XXI - E inexiste a alegada falta de fundamentação porque as liquidações emitidas provenientes do acto tributário, RIT, foram anuladas, conforme o of n.° 75010 do DSCIVA, quando analisaram a conta corrente da impugnante.
XXII - E muito menos houve fundamentação a posteriori como alega o Tribunal a quo.
XXIII - Neste desiderato, ao decidir a douta sentença do Tribunal a quo pela falta de fundamentação errou no seu julgamento, porque as liquidações impugnadas resultam não da acção inspectiva mas sim, das DP's substituídas pela impugnante, pelo que a impugnante sabia porque razão estava a substituir as DP's de IVA, razão pela qual não existe qualquer falta de fundamentação, devendo esta ser revogada por outra.

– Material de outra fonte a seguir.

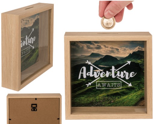 Skarbonka drewniana z okienkiem - ADVENTURE AWAITS

Termos em que, concedendo-se provimento ao recurso, deve a decisão ser revogada e substituída por acórdão que declare a Impugnação improcedente, com as devidas consequências legais.

PORÉM V. EX.AS DECIDINDO FARÃO A COSTUMADA JUSTIÇA»


**

Não foram apresentadas contra-alegações.


**

O Exmo. Magistrado do Ministério Público junto deste Tribunal emitiu parecer no sentido de não ser conhecido do recurso, nos termos do artigo 639.º, n.º 3 do CPC, aplicável por força do artigo 2.º, alínea e) do CPPT.
**

Colhidos os vistos legais, cumpre decidir.
**

II. DELIMITAÇÃO DO OBJECTO DO RECURSO

O objecto dos recursos é delimitado pelas conclusões das respectivas alegações (cfr. artigo 635.º, n.º 4 e artigo 639.º, n.ºs 1 e 2, do Código de Processo Civil), sem prejuízo das questões de que o tribunal ad quem possa ou deva conhecer oficiosamente, apenas estando este tribunal adstrito à apreciação das questões suscitadas que sejam relevantes para conhecimento do objecto do recurso.

A questão colocada pela recorrente nas suas conclusões de recurso, é a de saber se a sentença incorreu em erro de julgamento ao considerar que a liquidação adicional de IVA, sindicada nos presentes autos, padece do vício de forma por falta de fundamentação.


**


Nos presentes autos o Ministério Público promoveu a notificação à recorrente para apresentar novas conclusões das alegações de recurso. Por se ter entendido que as conclusões formuladas « (…) não podem ser uma reprodução do que se alega, sob pena de se ter de considerar que não foram formuladas conclusões.».

Como é sabido, quanto à exigência de conclusões, dispõe o artigo 639.º, do CPC:

«1. O recorrente deve apresentar a sua alegação, na qual conclui, de forma sintética, pela indicação dos fundamentos porque pede a alteração ou anulação da decisão.

(…)

3. Quando as conclusões sejam deficientes, obscuras ou complexas ou nelas não se tenha procedido às especificações a que alude o nº2 do artigo 639º, o relator deve convidar o recorrente a completá-las, esclarecê-las ou sintetizá-las, no prazo de cinco dias, sob pena de não conhecer do recurso, na parte afetada.

Considerando-se que a falta absoluta de alegações ou de conclusões gera o indeferimento do recurso (artigo 641.º, nº 2, al. b), do CPC).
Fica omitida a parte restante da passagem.